REQUIRED WORK — Transcribe the line that contains "6细心的朋友能发现,自取和外卖配送的费用是不同的,本次我们节约了3元钱。" and every line after it to the end of the records, exactly and nothing else. Skip the pictures.

[Data records]
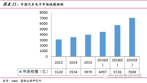 汽車電子類產(chǎn)品通常落后消費(fèi)類電子產(chǎn)品一個(gè)時(shí)期,正如過去幾年手機(jī)行業(yè)所經(jīng)歷的那樣,汽車業(yè)正在由“功能機(jī)”向“智能機(jī)”發(fā)展,這將給電子行業(yè)帶來新的增長(zhǎng)引擎。受惠于各國(guó)汽車安全政策加持,近期汽車電子輔助行車安全的趨勢(shì)已十分明確,越來越多類似TPMS、倒車影像、自動(dòng)剎車系統(tǒng)等新應(yīng)用崛起。各大車企、互聯(lián)網(wǎng)公司紛紛加快在車聯(lián)網(wǎng)和自動(dòng)駕駛領(lǐng)域的產(chǎn)業(yè)布局,車聯(lián)網(wǎng)有望成為第一個(gè)實(shí)現(xiàn)的物聯(lián)網(wǎng)應(yīng)用空間廣闊,存量與增量汽車市場(chǎng)規(guī)??捎^。2015 年中國(guó)汽車電子市場(chǎng)規(guī)模為3,979億元,同比增長(zhǎng)12.6%,2013~2015年中國(guó)汽車電子市場(chǎng)規(guī)模平均增長(zhǎng)率為13.7% 。中商產(chǎn)業(yè)研究院預(yù)測(cè)2016年中國(guó)汽車電子市場(chǎng)規(guī)模為4497億元。賽迪顧問預(yù)計(jì)到2016年中國(guó)汽車電子市場(chǎng)將保持 10%以上的增速,同時(shí)汽車電子在整車成本中的占比將超過50% 。我們判斷中國(guó)汽車電子市場(chǎng)增長(zhǎng)方式正在由汽車產(chǎn)量增長(zhǎng)轉(zhuǎn)向功能需求驅(qū)動(dòng)。
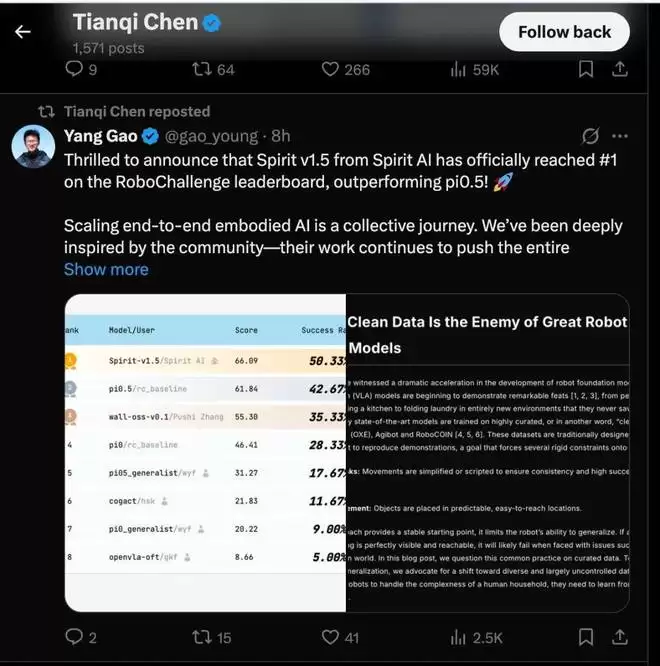RoboChallenge 的榜首位置或许会轮换,数据的记录终将被刷新,但 Spirit v1.5 的出现具有明确的界碑意义:
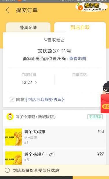 6细心的朋友能发现,自取和外卖配送的费用是不同的,本次我们节约了3元钱。
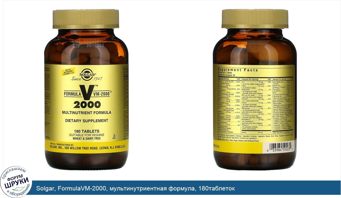 Solgar, FormulaVM-2000, мультинутриентная формула, 180таблеток
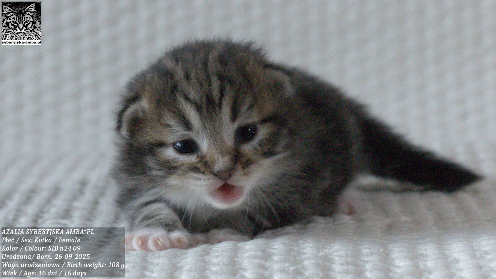 Rodzice: BARSA S.B. SYBERYJSKA AMBA*PL i CH PAT SYBERYJSKA AMBA*PL

SOLUTION TO THIS PROBLEM —
 6细心的朋友能发现,自取和外卖配送的费用是不同的,本次我们节约了3元钱。
 Solgar, FormulaVM-2000, мультинутриентная формула, 180таблеток
 Rodzice: BARSA S.B. SYBERYJSKA AMBA*PL i CH PAT SYBERYJSKA AMBA*PL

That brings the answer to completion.